CEO Scarlett highlighted areas of high unmet need for both conditions during the company's April 10 call. Patients with MDS have chronic anemia and treatment effects of ESAs don't last, the exec noted.

"As a result, many patients become dependent on frequent red blood cell transfusions to manage symptoms of anemia and fatigue. Transfusion dependency is associated with poor survival, in part because patients develop life-threatening iron overload or toxicity. This underscores the critical need for new therapies that target the underlying malignancy, as well as therapies that manage symptoms," Scarlett said.

The pace of new drug development in MDS is "really quite modest," the exec said.

As for myelofibrosis, the only drug approved for that indication is Incyte Corp.'s Jakafi (ruxolitinib) and most patients eventually fail treatment, he noted.

"Long-term follow-up from clinical studies of ruxolitinib suggests that approximately 75% of patients have discontinued treatment by five years with suboptimal response or loss of therapeutic effect cited as major reasons," Scarlett said.

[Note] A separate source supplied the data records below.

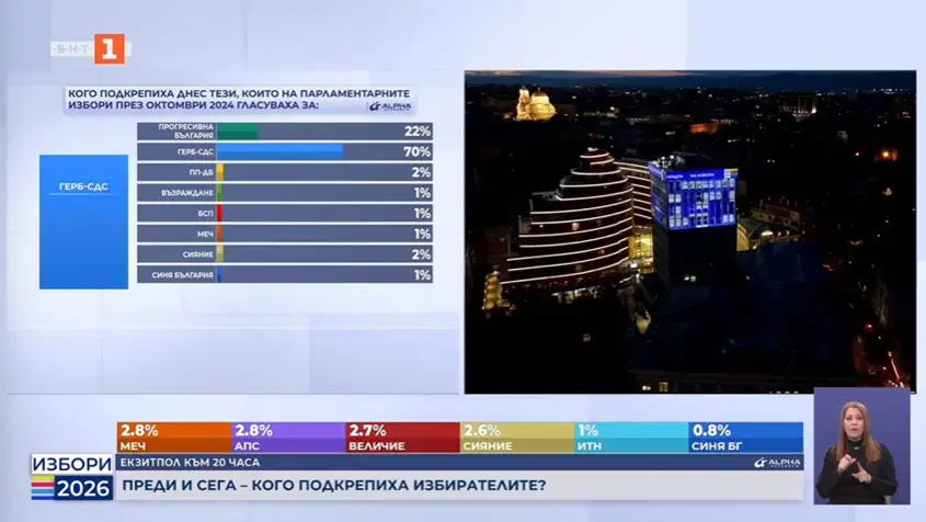 Това са БСП и "Има такъв народ" (коалиционни партньори на ГЕРБ през 2025-2026 г.) и "Възраждане", според данните на "Алфа рисърч".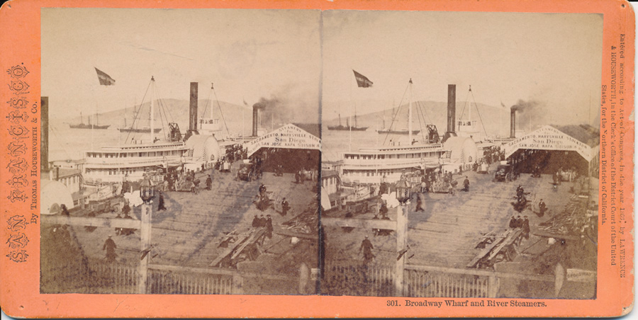 Broadway Wharf and river steamers in San Francisco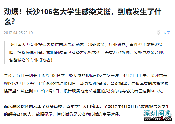长沙:截止到2017年4月6日,长沙市岳麓区疾控中心调查显示长沙有106名学生感染艾滋,而高校云集的岳麓地区的艾滋病毒感染者竟高达603人!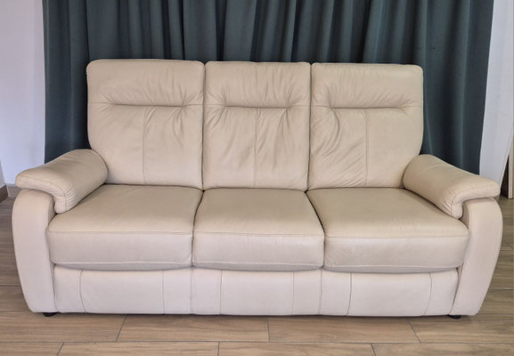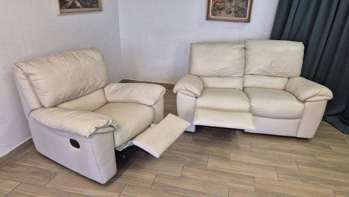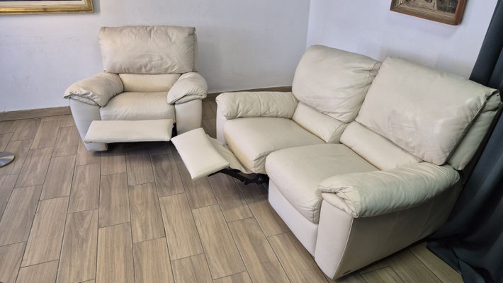 Продаються стильні шкіряні меблі з реклінером: 3-місний диван і 2-місний диванчик, бежевого кольору, у відмінному стані. Зручні, з функцією розкладання для максимального комфорту. Ціна: 950€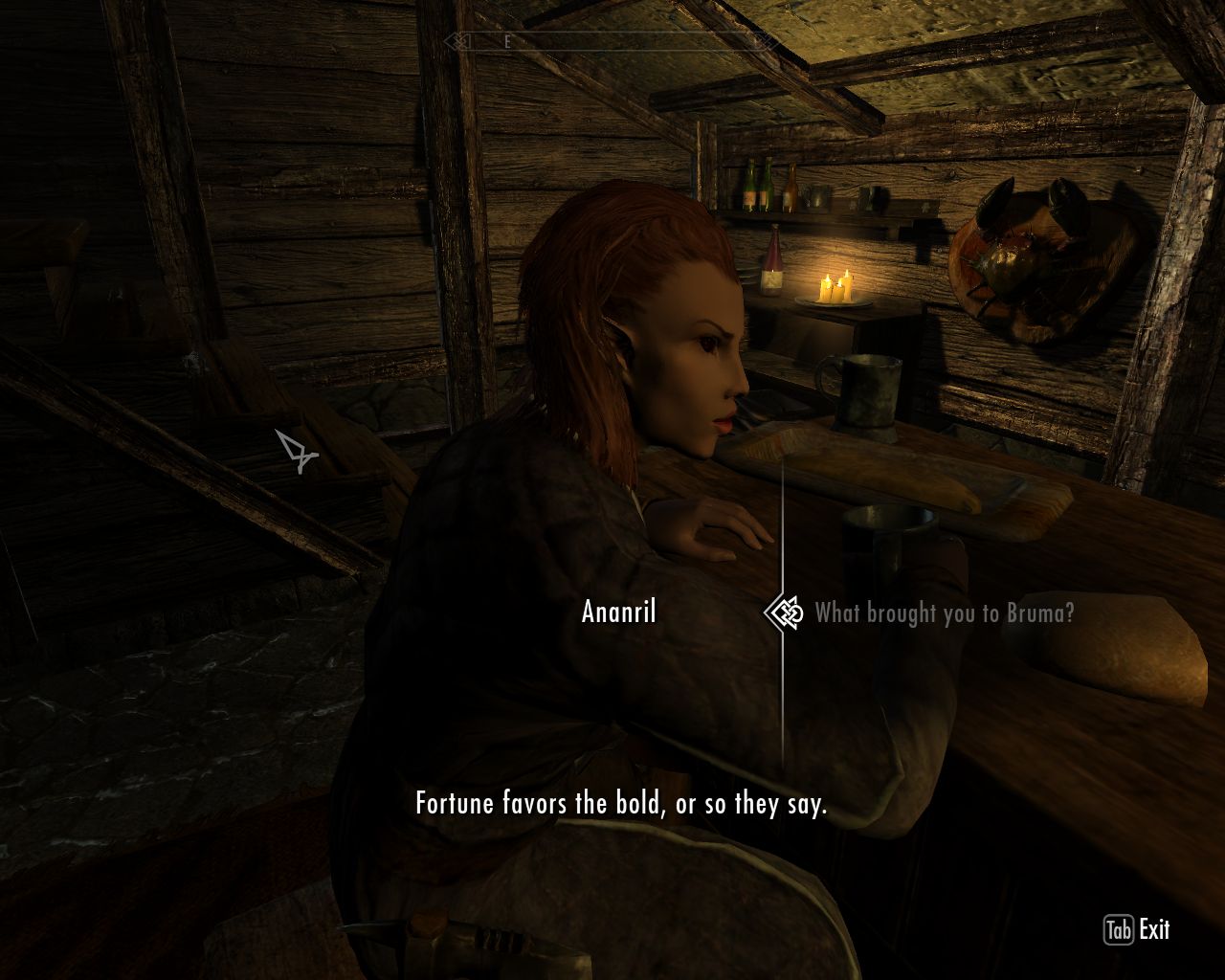 I realize I haven't noticed many Bosmer women so far. Guess I've been paying closer attention to the men. Ananril is an alchemist originally from the city of Chorrol, and when she settled down in Bruma, she turned out much better than the locals, so even though some people keep frequenting the human alchemists they're familiar with, Ananril is doing pretty good business and is content with her life in Bruma.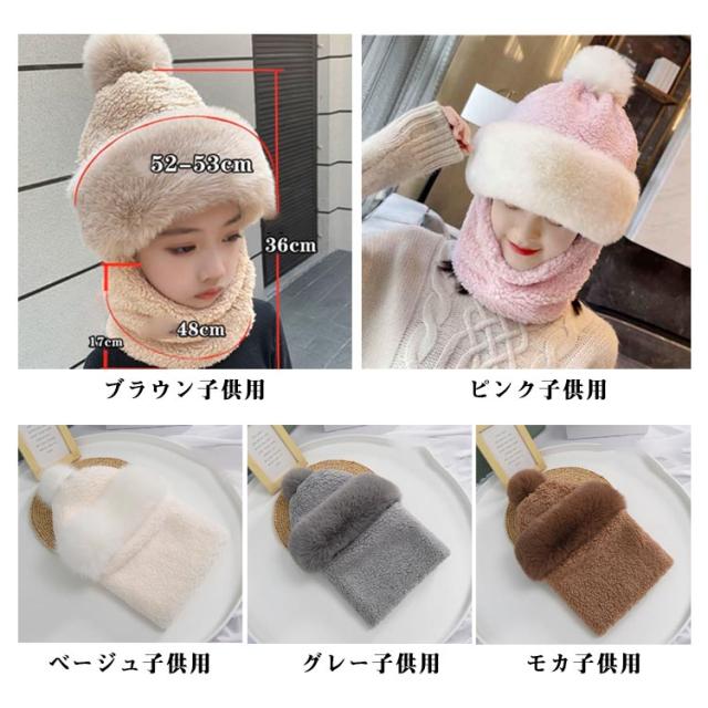 2点セット 秋 冬 ネックウォーマー 帽子 防寒 大人用 子供用 ニットキャップ キャップ ふわふわ もこもこ ふんわり あったか 無地 厚手 シンプル かわいい おしゃれ 小顔効果 親子タイプ

Data from Janssen suggest median survival after relapse on a JAK inhibitor is only seven months. Everyone understands the point that once patients are out of luck with JAK inhibitors, there is nothing else for them to try, he said.

"So that unmet medical need is crystal clear and it empowers us to continue studying the disease," Scarlett said.

Geron is using a strict definition of relapsed or refractory, and data are limited in terms of what kind of outcomes to expect with a new agent in this patient population. The company is the only sponsor studying true relapsed refractory patients with MF, Scarlett maintained.

Geron feels very good about continuing development in both populations and Janssen's decision to continue will take into account the evolving treatment and competitive landscape, he said.